[Extracted data entries]
-*-

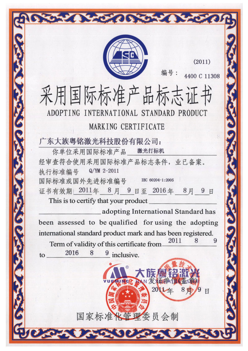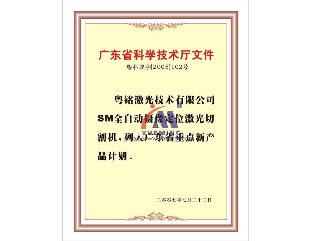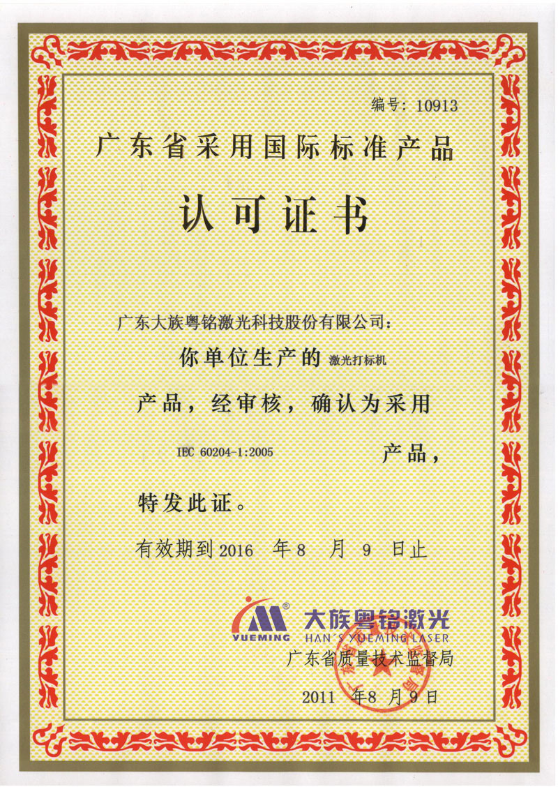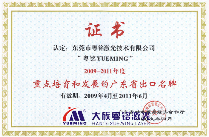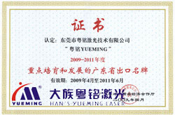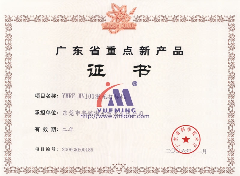 激光打標機廣東省重點新產(chǎn)品證書 | |
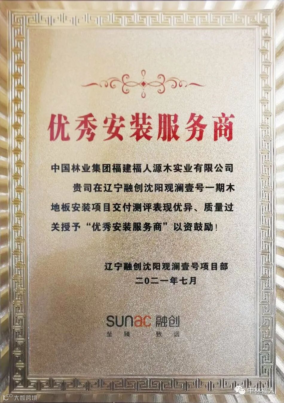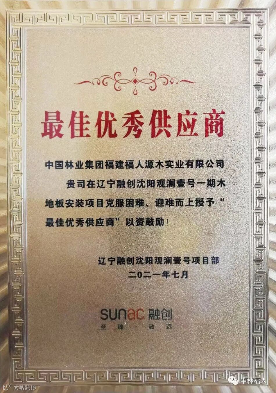 7月,中国林业集团福建福人源木实业有限公司(以下简称中林福人)荣获辽宁融创沈阳观澜壹号项目部“最佳优秀供应商”、“优秀安装服务商”。这是继5月中林福人获得融创地产2020年度优秀地板供应商后,融创单项目部对我们工程服务的又一肯定。
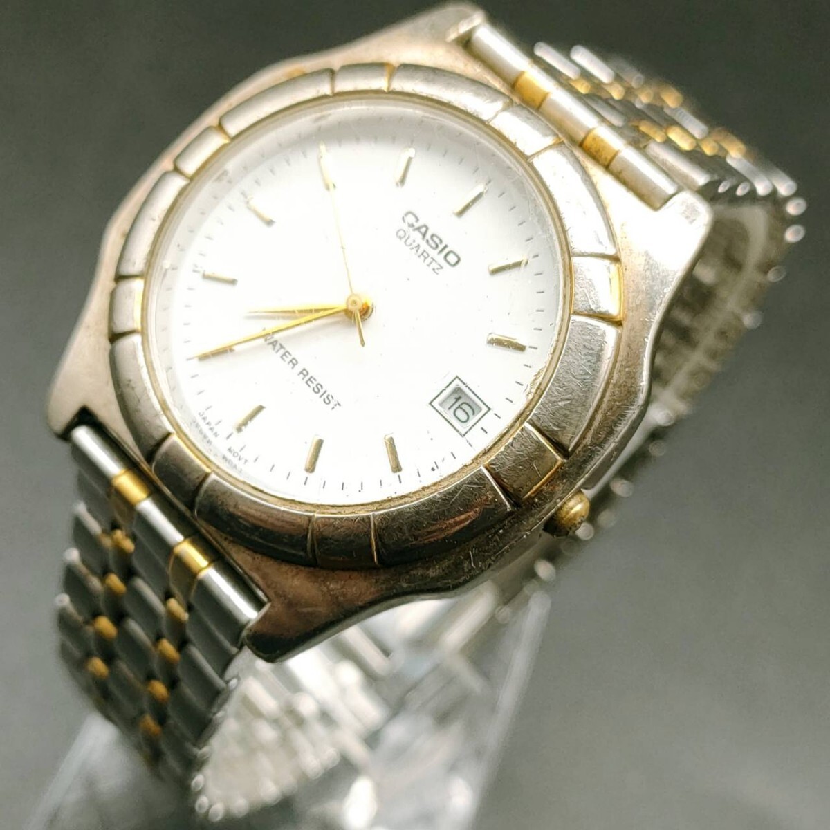 - T302 【レア】 CASIO カシオ 腕時計 1332 MTP-1061 クウォーツ 3針 白文字盤 デイト アナログ ヴィンテージ アクセサリー シルバー
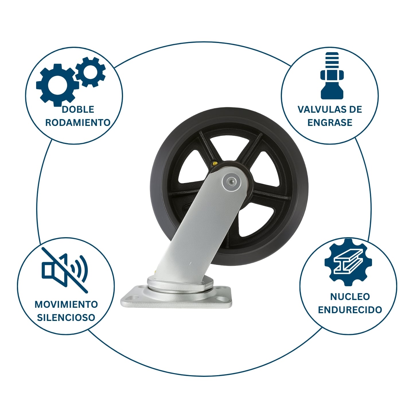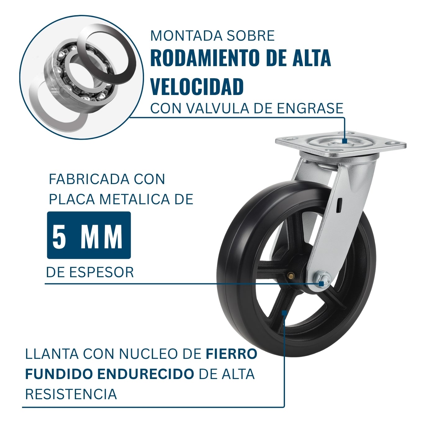 • RUEDA GIRATORIA CON LLANTAS DE FIERRO FUNDIDO ENDURECIDO PARA MAYOR RESISTENCIA
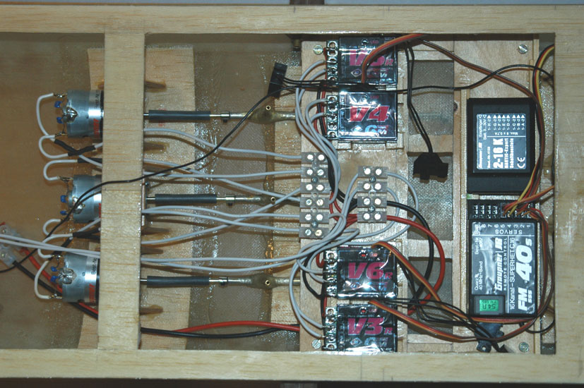 Andra versionen, som fungerade mycket bättre. Här syns också manövreringen av de tre rodren.
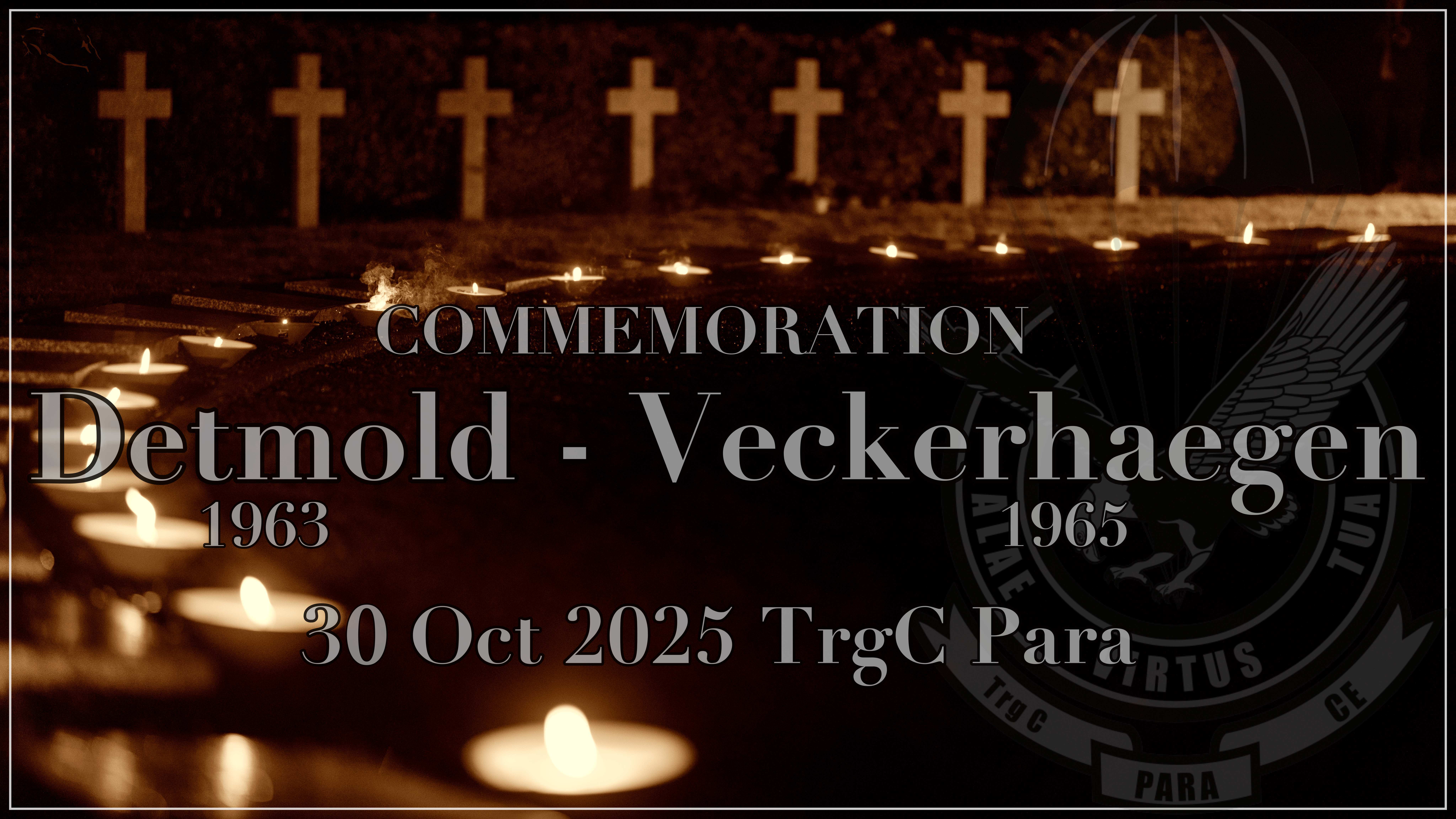 De Korpscommandant, de Officieren, de Onderofficieren, de Beroepsvrijwilligers en het burgerpersoneel van het Trainingscentrum voor Parachutisten organiseren op 30 oktober 2025 een herdenkingsplechtigheid ter nagedachtenis van de overledenen van de eenheid.
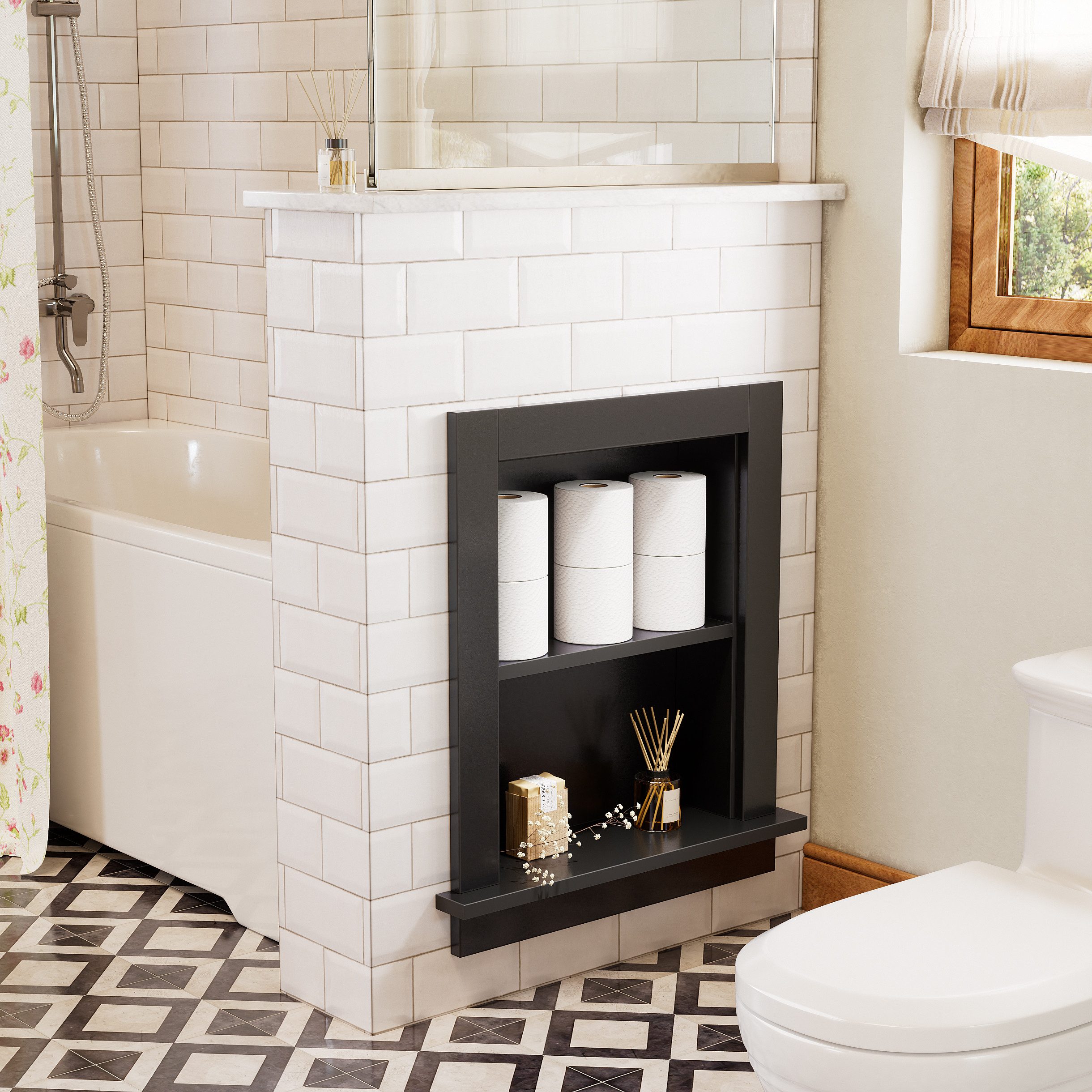 Verleihen Sie Ihrer Dusche eine stilvolle und funktionale Note mit der Wandnische in elegantem Schwarz. Diese Nische aus hochwertigem MDF vereint Ästhetik und Praktikabilität und verwandelt Ihr Badezimmer in eine Wohlfühloase. Einfach in die Wandöffnung einsetzen. Spart Zeit und Kosten im Vergleich zu gefliesten Lösungen.
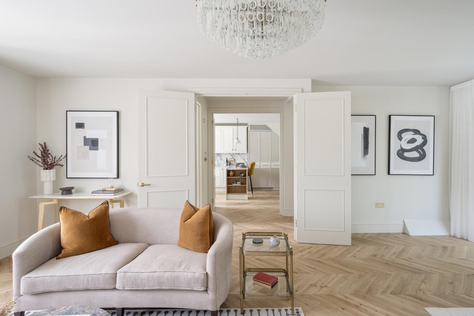 Adjacent, the open-plan kitchen and dining area fitted by London Kitchen Consultants is styled with Arabescato Corchia marble, deVOL tapware, and bespoke lighting.
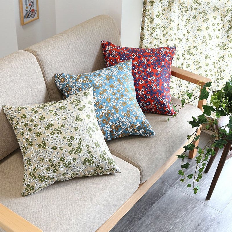 デイジー・ポップのカーテンと同じ生地のクッションカバーです。

-*-

The lines from the start of the records above through the line that holds "De Korpscommandant, de" are to be copied exactly, both ends included, and no pictures are to be copied.

__Expected answer__:
 激光打標機廣東省重點新產(chǎn)品證書 | |
 7月,中国林业集团福建福人源木实业有限公司(以下简称中林福人)荣获辽宁融创沈阳观澜壹号项目部“最佳优秀供应商”、“优秀安装服务商”。这是继5月中林福人获得融创地产2020年度优秀地板供应商后,融创单项目部对我们工程服务的又一肯定。
 - T302 【レア】 CASIO カシオ 腕時計 1332 MTP-1061 クウォーツ 3針 白文字盤 デイト アナログ ヴィンテージ アクセサリー シルバー
 • RUEDA GIRATORIA CON LLANTAS DE FIERRO FUNDIDO ENDURECIDO PARA MAYOR RESISTENCIA
 Andra versionen, som fungerade mycket bättre. Här syns också manövreringen av de tre rodren.
 De Korpscommandant, de Officieren, de Onderofficieren, de Beroepsvrijwilligers en het burgerpersoneel van het Trainingscentrum voor Parachutisten organiseren op 30 oktober 2025 een herdenkingsplechtigheid ter nagedachtenis van de overledenen van de eenheid.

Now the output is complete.